Fully-Automated 3D Metrology and Defect Analysis with High-Resolution

300 kV Microfocus Computed Tomography

Oliver Brunke

Product Manager for 3D Metrology and Failure Analysis using Computer Tomography, GE Sensing &

Inspection Technologies GmbH, 31515 Wunstorf, Germany; Phone: +49 5031 172 142, E-mail:

oliver.brunke@ge.com, www.ge-mcs.com/phoenix

Abstract

With industrial X-ray computed tomography (CT), even low-contrast defects in cast parts, such as cracks, pores

and blowholes, can be localized and measured in three dimensions. Analysis of the defects can be performed

using either multi-positional 2D cross-section planes or the 3D volume view. Additionally, 3D metrology with

CT becomes more and more an effective tool for many tasks in production process monitoring such as the

manufacture of plastics, metal castings and precision components like injection nozzles. Particularly complex part

geometries with inaccessible or hidden features can be measured with CT in many cases faster than with

conventional Coordinate Measuring Machines (CMMs). This paper shows failure analysis and metrology tasks

automatically performed on a new GE CT system optimized for stable and reproducible CT scans and equipped

with a new unipolar 300 kV microfocus X-ray tube, new CT software for fully automated data acquisition,

volume processing and 3D evaluation capability.

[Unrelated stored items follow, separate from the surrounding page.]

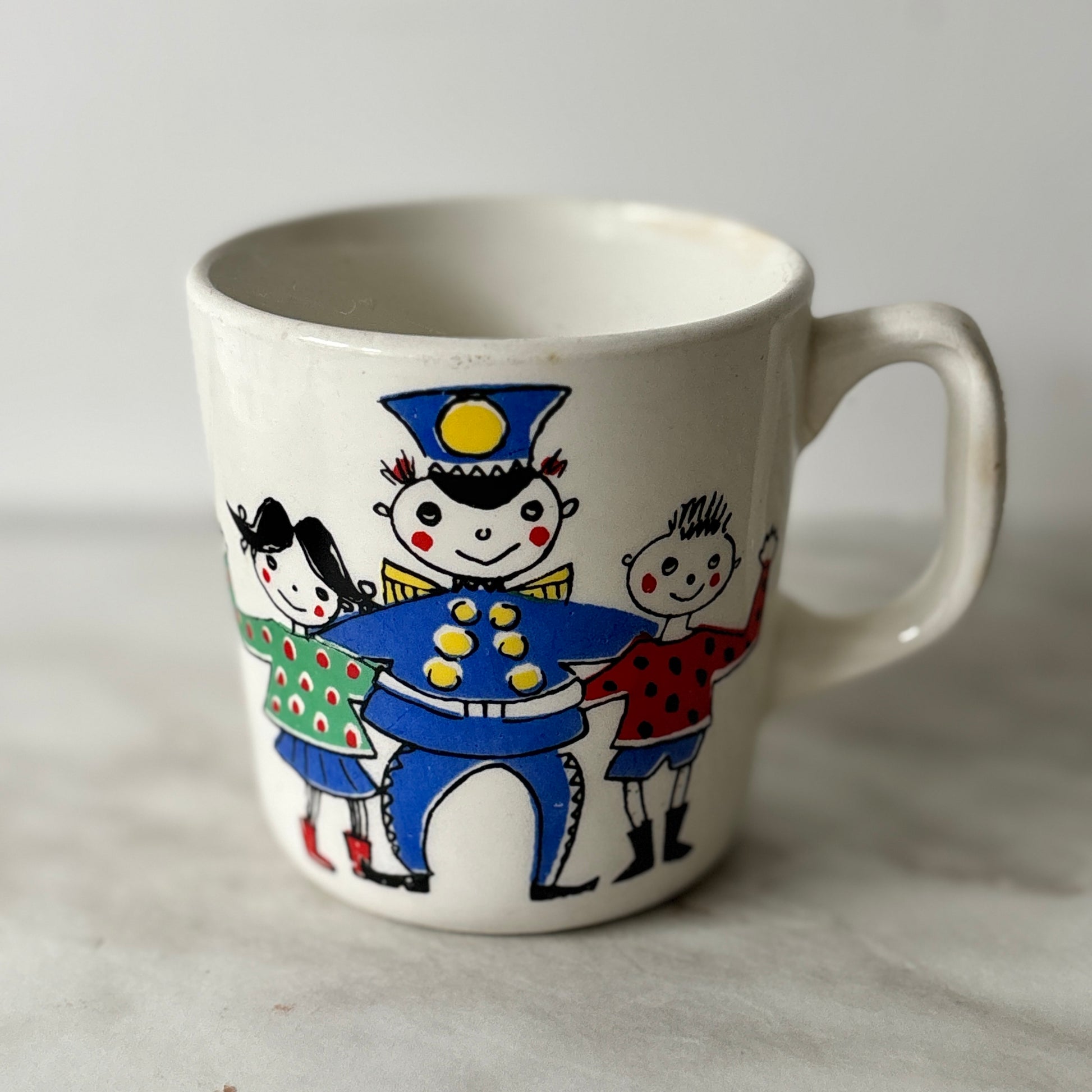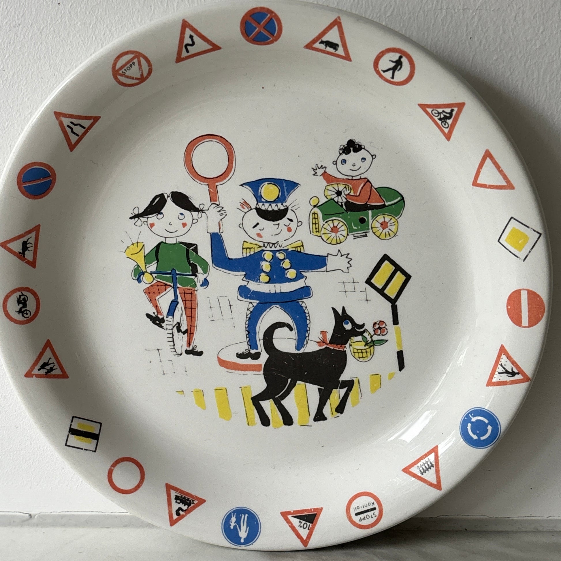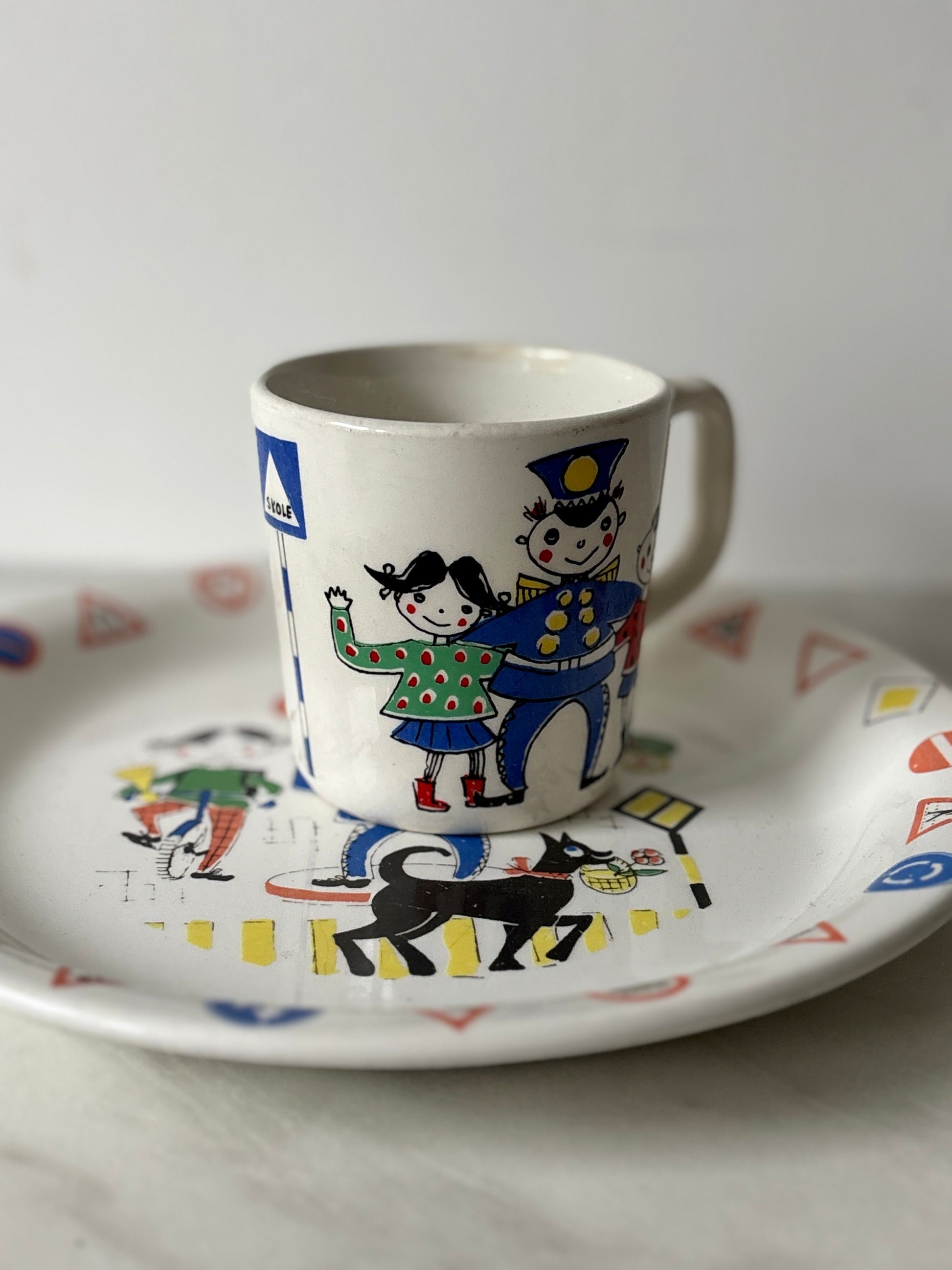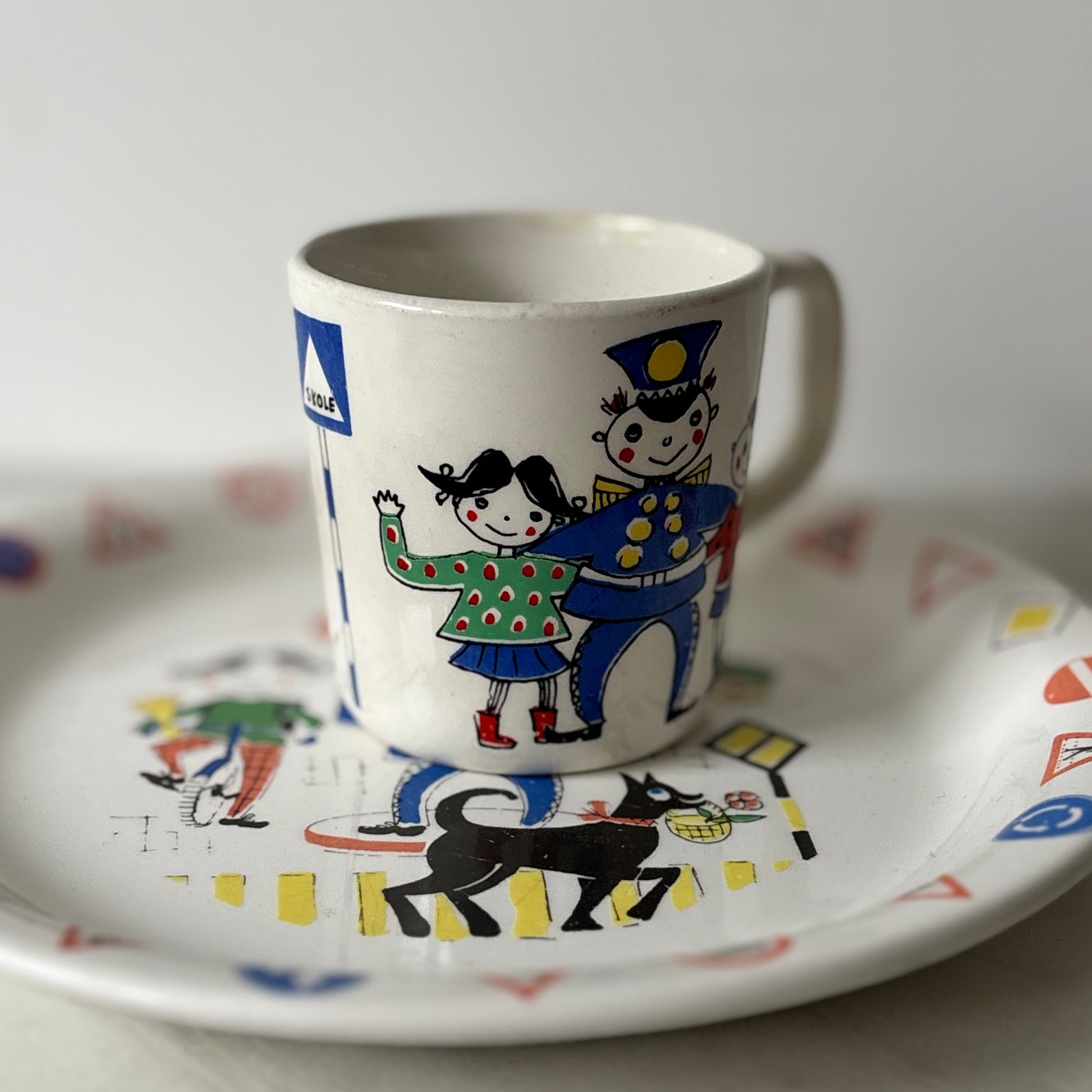 Koselig vintage sett med kopp og tallerken fra Stavangerflint. Merket «Trygg trafikk» . Det følger med en dyp tallerken også, men det hadde endel krakelering og sendes med på kjøpet.
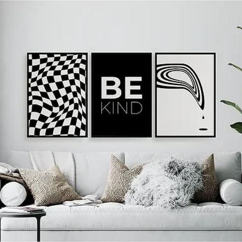 Kit 3 quadros optical art- be kind 24x18cm Moldura: madeira branca Informações do produto tire todas as suas dúvidas no descritivo abaixo: decoração para quarto, sala, cozinha, escritório, área gourmet e muito mais. Chega de paredes vazias medidas - cada peça tem 24x18cm a5 . Material do papel - papel fotográfico brilhante de altíssima resolução acabamento - todos os quadros são acompanhados de uma película de acetato para proteção da imagem. - moldura em madeira maciça na cor preta e pendurador móvel que pode ser retirado facilmente caso deseje fixar com fita dupla face. - os quadros são embalados de forma segura com plástico bolha com camada dupla de acordo com o tamanho dos quadros. Garantia - garantia de 3 meses. Meu quadro chegou. Como posso fixá-lo Você precisa apenas de um martelo e um prego, pois os quadros já vão acompanhados de penduradores. Esta é a forma mais indicada. Caso prefira, você pode utilizar uma fita dupla face neste caso, sugerimos de alta qualidade para evitar que descole e seu quadro caia . Como posso limpar meu quadro A limpeza é feita como um móvel comum da sua casa. Apenas um pano seco ou espanador são suficientes para tal
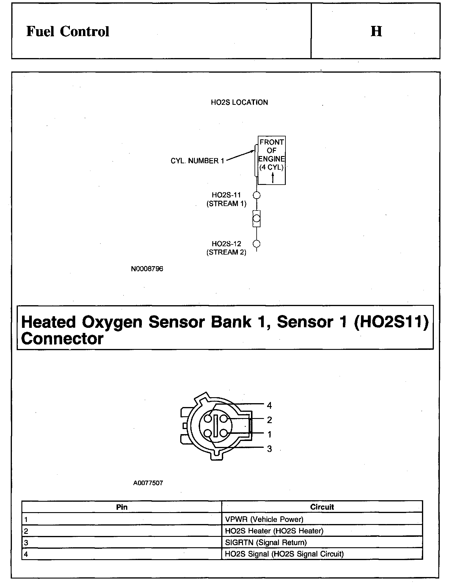 Schematic And Heated Oxygen Sensor Bank 1, Sensor 1 (HO2S11) Connector:

Keywords: 3D Metrology, automated Computed Tomography, CT, µCT, CMM

1. Introduction

Complete 3D mapping means that CT can also be used for the non-destructive 3D

measurement of cast parts that cannot be inspected using conventional coordinate measuring

machines due to their complex internal geometry. Therefore, CT has numerous practical uses

in addition to non-destructive quality control; for instance, it can be used for optimizing and

reducing the time required for development and initial sampling processes, comparing

components with the target CAD model or reverse engineering in which 3D component data is

used to construct a three-dimensional CAD model (fig 1). Fully automated scanning and

analysis processes mean that the creation of first-article inspection reports, even for complex

components, is possible in less than one hour.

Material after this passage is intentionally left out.